Rethink Restaurant Ordering
I used to order salads when eating out, thinking I was being “good.” Now I order the fish or lamb, double vegetables instead of rice or potatoes, and don’t apologize for it.
Your body needs protein more than it needs to make the server think you’re low-maintenance.
The Conversation We Need to Have
Here’s what makes me angry: women are struggling with weight gain, muscle loss, and crushing fatigue in perimenopause, and nobody is talking about protein.
Doctors tell us to “eat less, move more.” Friends recommend cutting calories. Diet culture says smaller portions. All of this is exactly backwards for women over 40.
We don’t need less food. We need more of the right food. Specifically, we need significantly more protein than we’ve been told.
A comment on my last post made me think about this differently. A woman wrote: “I spent my 30s trying to eat as little as possible. Now at 44, I’m trying to figure out how to eat enough. It feels like unlearning everything.”
That’s exactly it. Everything that worked before 40—and everything diet culture taught us—stops working when hormones shift. We need a completely different approach.
You’re Not Failing, Your Strategy Is
If you’re over 40 and feeling like your body has betrayed you, please hear this: you haven’t failed. You’re fighting biology with outdated information.
The protein recommendations you’ve followed your whole life weren’t designed for perimenopausal women. The meal plans you’re copying from younger influencers won’t work for your changing metabolism. The calorie restriction that worked at 32 actively harms you at 45.
In a perimenopause forum last month, women kept asking about the same symptoms: losing muscle despite exercise, constant hunger, afternoon crashes, hair thinning. Every single one was eating less than 60 grams of protein daily.
We’re not broken. We’re undernourished in the exact nutrient our bodies need most right now.
Increasing the protein women over 40 need isn’t about following another diet.

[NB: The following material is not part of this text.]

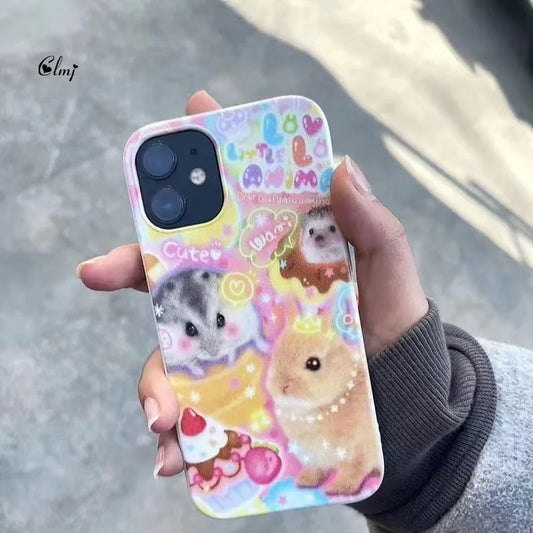 Cute Cartoon Graffiti Rabbit Little Bear House Gift Star Pattern Sliver Edge Protective Case

It’s about giving your changing body what it’s asking for. It’s about working with your hormones instead of fighting them.

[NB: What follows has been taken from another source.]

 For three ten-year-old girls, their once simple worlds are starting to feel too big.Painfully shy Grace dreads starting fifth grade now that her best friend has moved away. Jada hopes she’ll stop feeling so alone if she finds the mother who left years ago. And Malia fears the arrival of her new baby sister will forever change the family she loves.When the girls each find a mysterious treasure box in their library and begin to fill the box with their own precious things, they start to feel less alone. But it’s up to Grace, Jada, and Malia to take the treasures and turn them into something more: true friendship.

For me, this shift—combined with Mediterranean keto—has meant maintaining my 40+ kilo loss through perimenopause without constant hunger or restriction. I eat more food now at 46 than I did at 43, and my body composition is better.
Start with one meal. Make breakfast 30 grams of protein tomorrow. Notice how you feel at lunchtime. Build from there.
You deserve to feel strong, energized, and comfortable in your body through perimenopause and beyond. Sometimes the answer isn’t eating less. It’s finally eating enough of what matters most.